Because the tax treatment of affected items depends on

partnership-level determinations, affected items cannot be tried

as part of a partner’s personal tax case until the resolution of

the partnership proceeding.   GAF Corp. & Subs. v. Commissioner,

supra at 526 (citing Dubin v. Commissioner, 99 T.C. 325, 328

(1992)).   Thus, the Court does not have jurisdiction to consider

partnership items or affected items while a partnership
                                 - 7 -

proceeding is pending. Id. at 528; Maxwell v. Commissioner,

supra at 788.

     The notice of deficiency was issued 11 days after the FPAA;

therefore the partnership proceeding was still pending.      See sec.

6226(b).   We must therefore decide whether any of the items

giving rise to any part of the deficiencies in this case are

partnership items or affected items.

     The parties are in agreement that all of the items for 1999

are either partnership items or affected items.    We agree.   As a

result, we do not have jurisdiction over those items because the

partnership proceeding was pending when the notice of deficiency

was issued.     See Maxwell v. Commissioner, supra at 788.

     For 2000, the parties are not in agreement as to the

characterization of all of the items.    Respondent argues that the

claim on petitioners’ return for that year to an itemized

deduction of $525,000 for legal, accounting, consulting, and

advisory fees related to Stone Canyon is an affected item because

the partnership was a sham.    Although the partnership did not pay

the fee, respondent argues that the deduction is nevertheless an

affected item because the disallowance is dependent on the

partnership’s being a sham.    In Goldberg v. Commissioner, T.C.

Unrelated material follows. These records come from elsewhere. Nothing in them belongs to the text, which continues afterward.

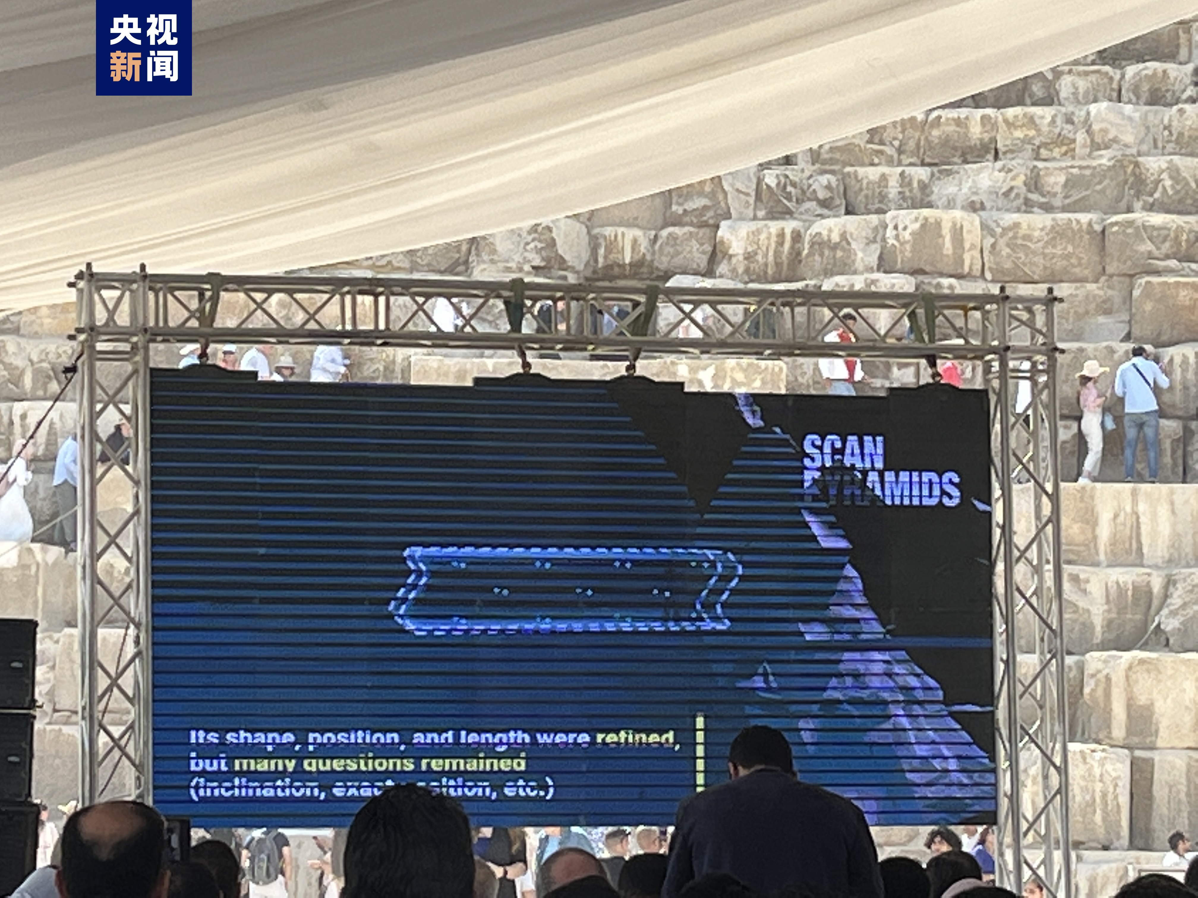 在当天于胡夫金字塔前举行的记者会上,埃及旅游和文物部长伊萨表示“扫描金字塔”项目团队通过粒子物理学探测方法在胡夫金字塔内发现了一条长9米、宽2.1米的新通道。
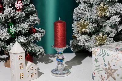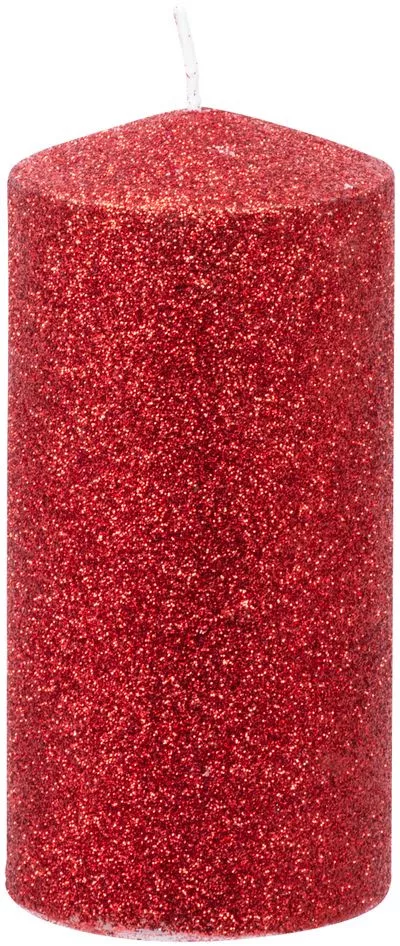 MagicHome karácsonyi gyertya, 5,5 x 12 cm, piros, csillámokkal
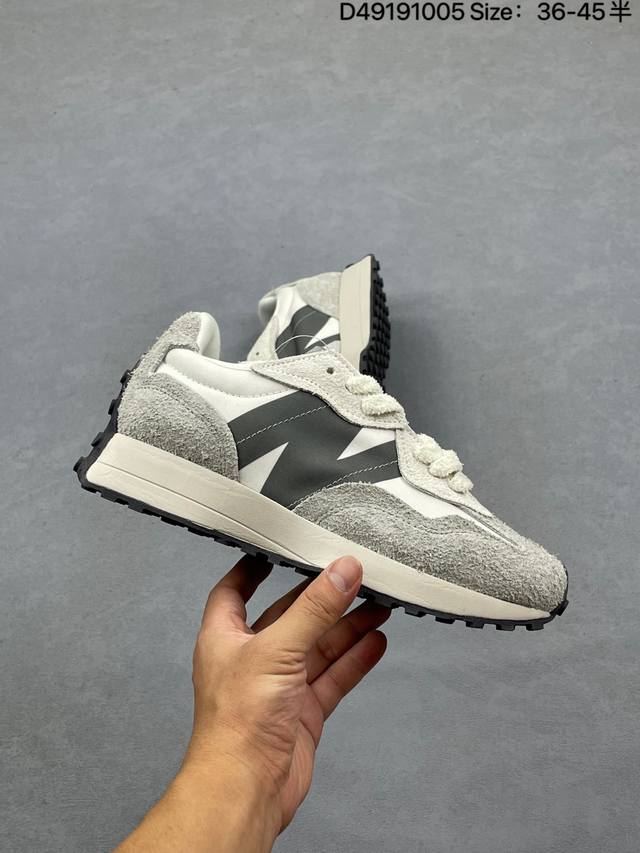 New Balance Ms327 Retro Casual Running Shoes. Featuring a purer retro design, this new style boasts a deconstructed look on the side, with the N logo presented in an aged embossed pattern. Official Product Code: U327Lz Sizes: 36 37 37.5 38 38.5 39.5 40 40.5 41.5 42 42.5 43 44 45 ID: D4919 5
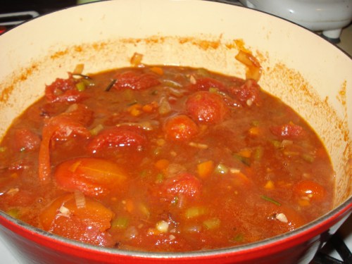 I inserted the dead thing in the oven, where it would sit for two hours as I rotated it every half-hour. It pretty much immediately started to smell like the greatest thing ever. Also smelling like the greatest thing ever (gooooood segue): the diced duck bacon I was sauteeing in a pot on the stove. Once it had crisped up, I dumped in a whole pile of diced carrots, celery, garlic, and onions, and sprinkled some spices all over the mess but I don’t remember what spices those were so SORRY. It smelled ridiculous, though, and only kept getting better. Those simmered for about 20 minutes, before everything was nice and tender, and then I dumped in two big cans of whole peeled tomatoes, a little bit of water, and some Italian red wine. Gwyneth DEMANDS Italian wine, and my parents had given me a bottle of Italian red for Christmas, so I uncorked that baby and poured a little into the mix. And oh my god did it smell perfect after that point.
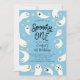 Cartão de convite de festas de primeiro aniversario de garoto, tema bonito de halloween, com ilustração de fantasmas bonitos e estrelas em fundo azul. O texto diz "XX é um Spooky One."
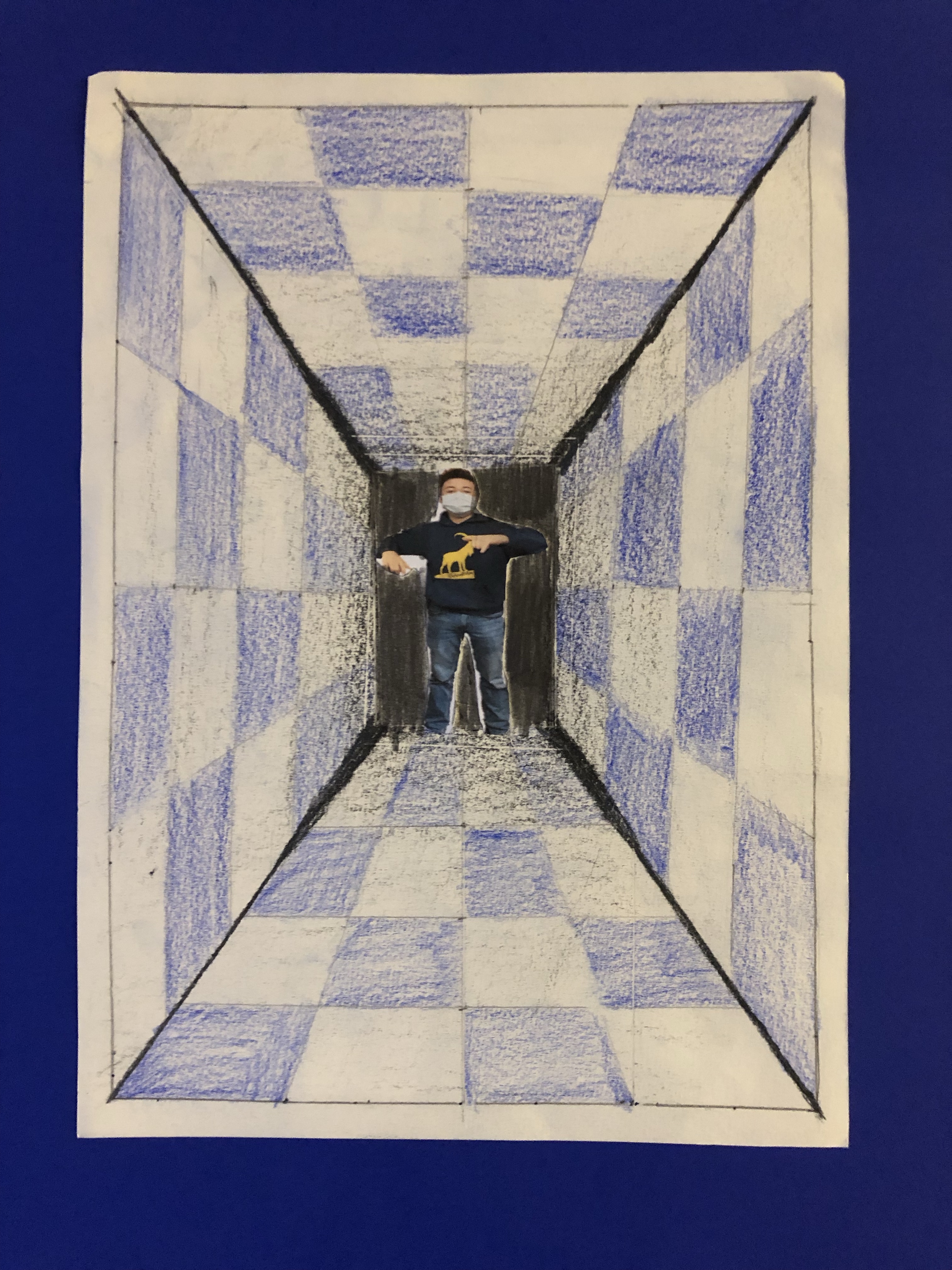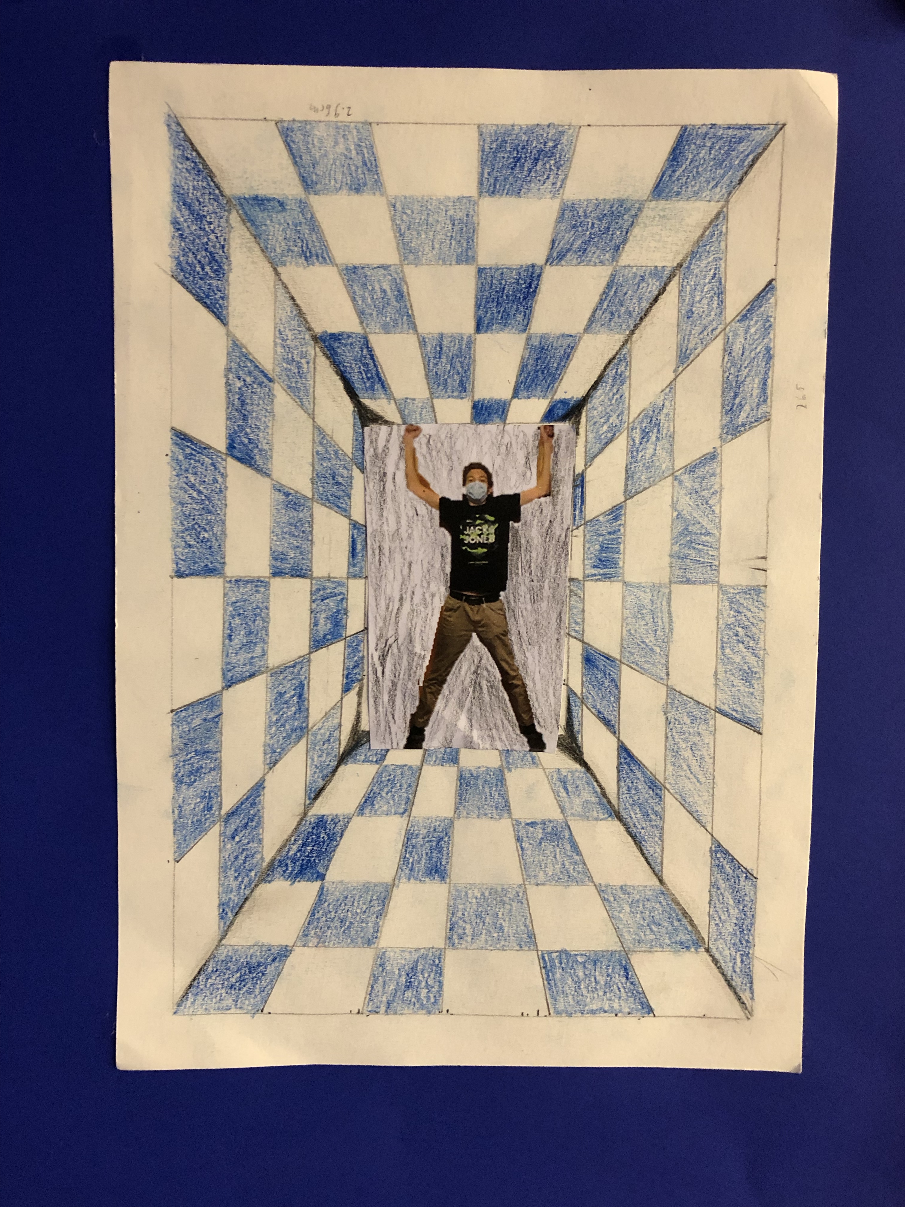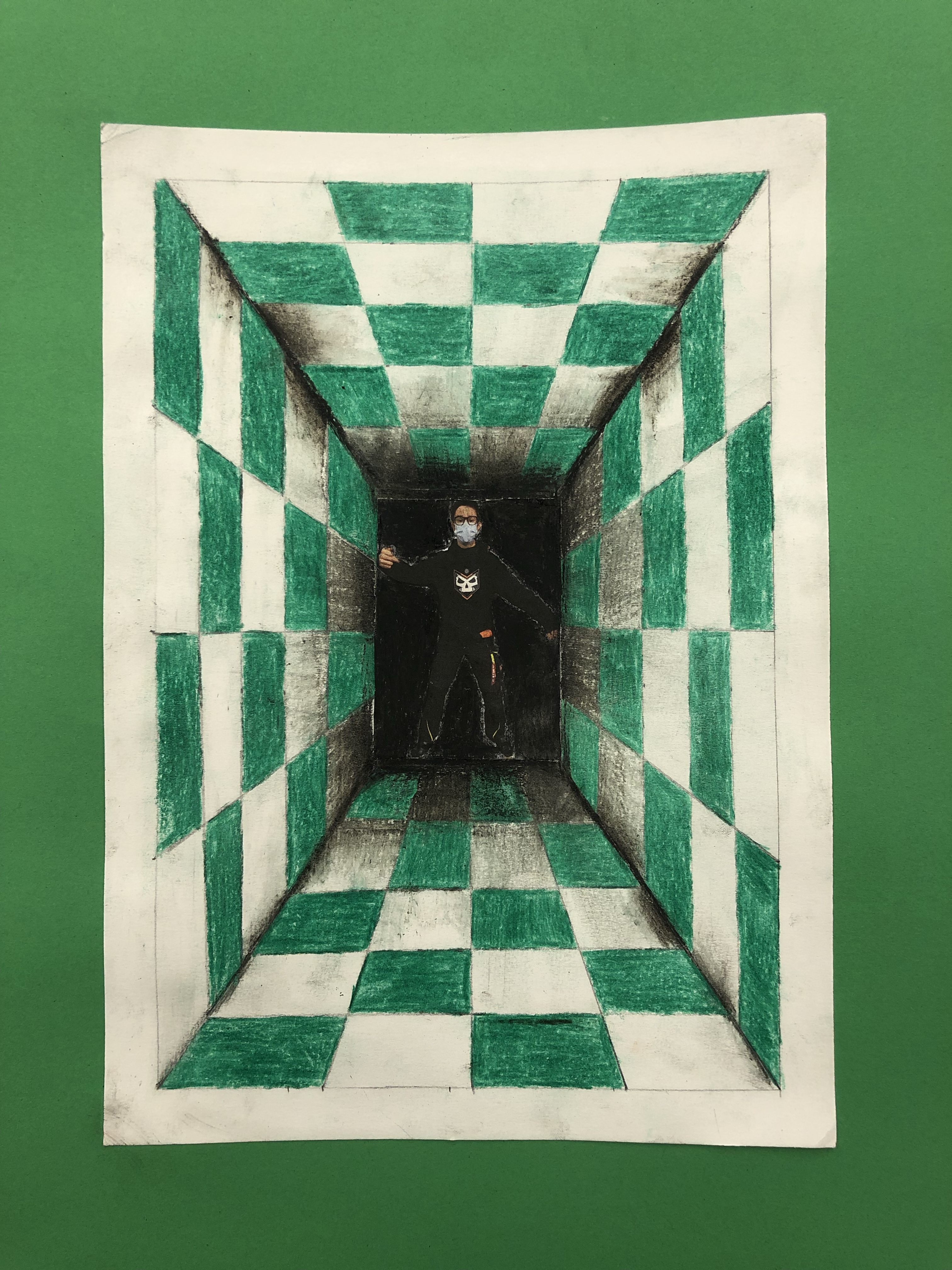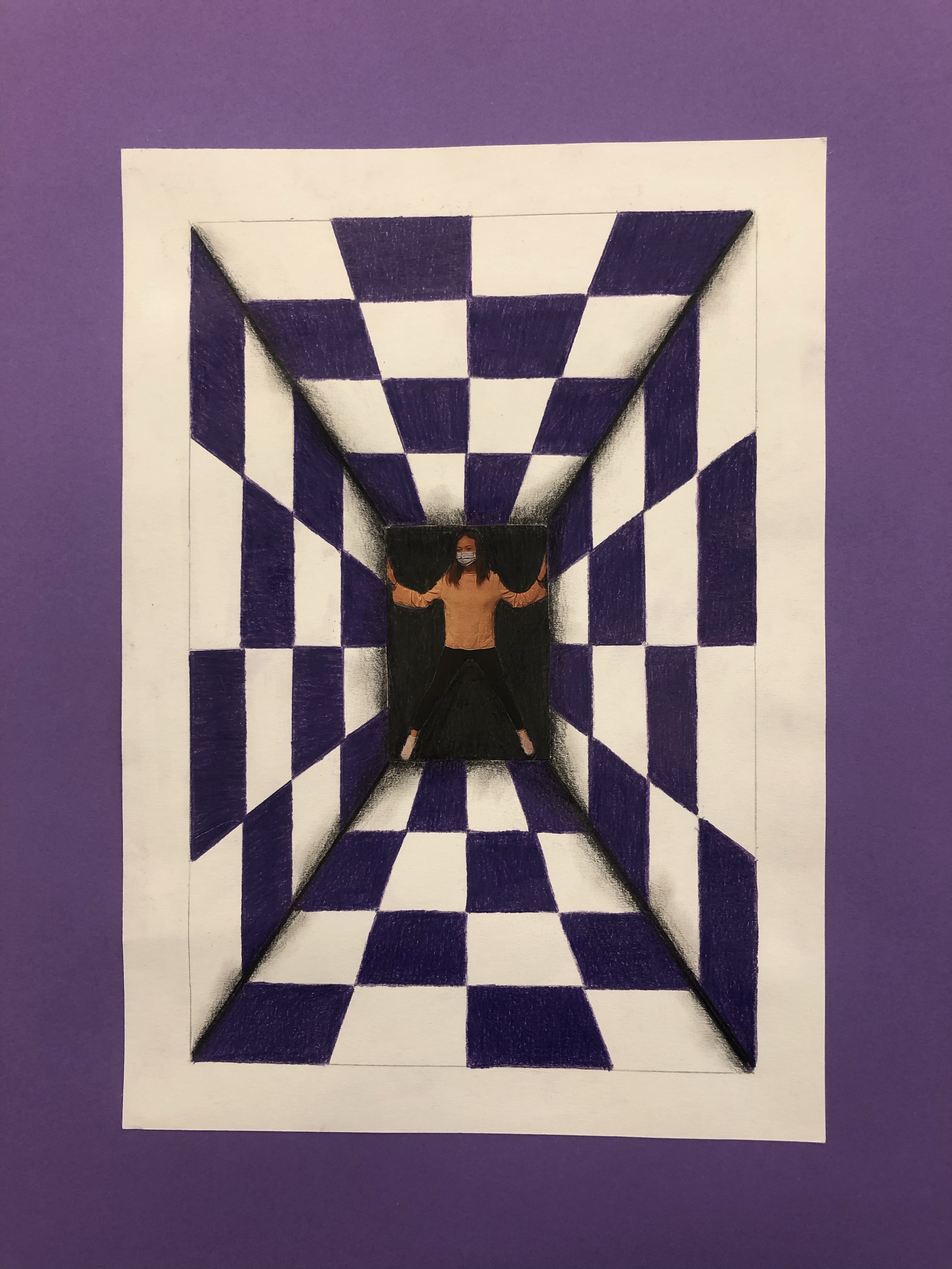 Dieses Foto setzen wir in die Mitte des Raumes, welchen die Schüler mit Karomuster ausmalen. Schattierung hinzufügen und fertig ist das Kunstwerk.

Memo. 2007-81, we held that such fees were neither a partnership

item nor an affected item, and therefore we retained jurisdiction

over them.    The deduction was not claimed on the partnership
                                 - 8 -

return nor claimed by petitioners as their distributive share of

any deduction on the partnership return.       The disallowance of the

deduction at the individual level did not flow from a deduction

disallowed at the partnership level, nor is the legality of the

deduction at the individual level necessarily affected by a

determination at the partnership level. Id.

     Respondent’s motion to dismiss for lack of jurisdiction will

be granted in part and denied in part.

     In reaching all of our holdings herein, we have considered

all arguments made by the parties, and, to the extent not

mentioned above, we find them to be irrelevant or without merit.

     To reflect the foregoing,

                                              An appropriate order will

                                         be issued.